Saturday, April 25, 2020

Book Review: Cardinal Newman's "Meditations on Mary, Our Mother"

I jumped at the chance to review this book. Two decades ago, I read TAN Book’s Mary: The Second Eve, a compendium of Newman’s apologetic writings on the Blessed Mother and was mesmerized by the way he showed that the earliest post-apostolic writings simply made explicit what was already present in the text of Scripture. His knowledge of the Fathers was voluminous. This new work assembled by TAN’s editorial team casts its net wider to bring together key points from Newman’s apologetics with his devotional thought.
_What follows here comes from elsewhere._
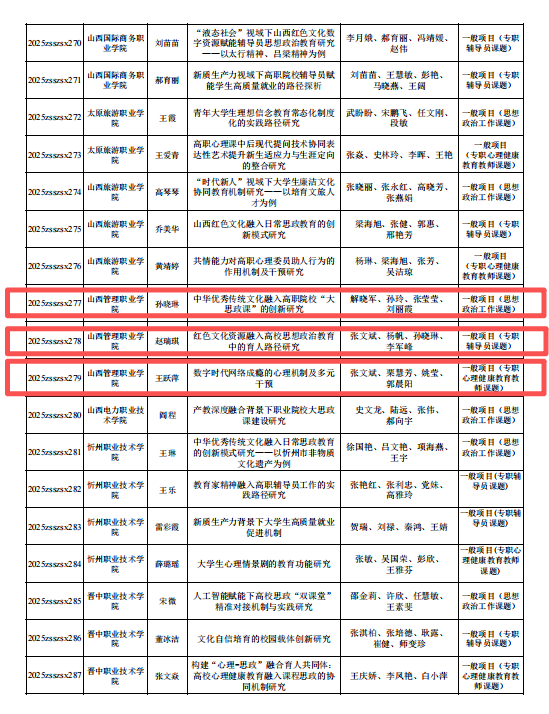 其中,王跃萍老师主持的《数字时代网络成瘾的心理机制及多元干预》获批专职心理健康教育教师课题;孙晓琳老师主持的《中华优秀传统文化融入高职院校“大思政课”的创新研究》获批思想政治工作课题;赵瑞琪老师主持的《红色文化资源融入高校思想政治教育中的育人路径研究》获批专职辅导员课题。

As with all of his works, Meditations on Mary, Our Mother reminds us that Newman was a master of the English language. When we turn from him to modern works, we are reminded of how far we've fallen:
"[The saints'] acts, callings, and relations below, are types and anticipations of their present mission above...The only question is whether the Blessed Virgin had a part, a real part, in the economy of grace, whether, when she was on earth, she secured by her deeds any claim on our memories? If she did, it is impossible we should put her away from us, merely because she has gone hence, and should not look at her still according to the nature of her earthly history, with gratitude and expectation." (p.41)
Yes, Newman would have been a thorn in the side of many a modern editor. "But John, you have to remember that most books are written at a fifth grade level!"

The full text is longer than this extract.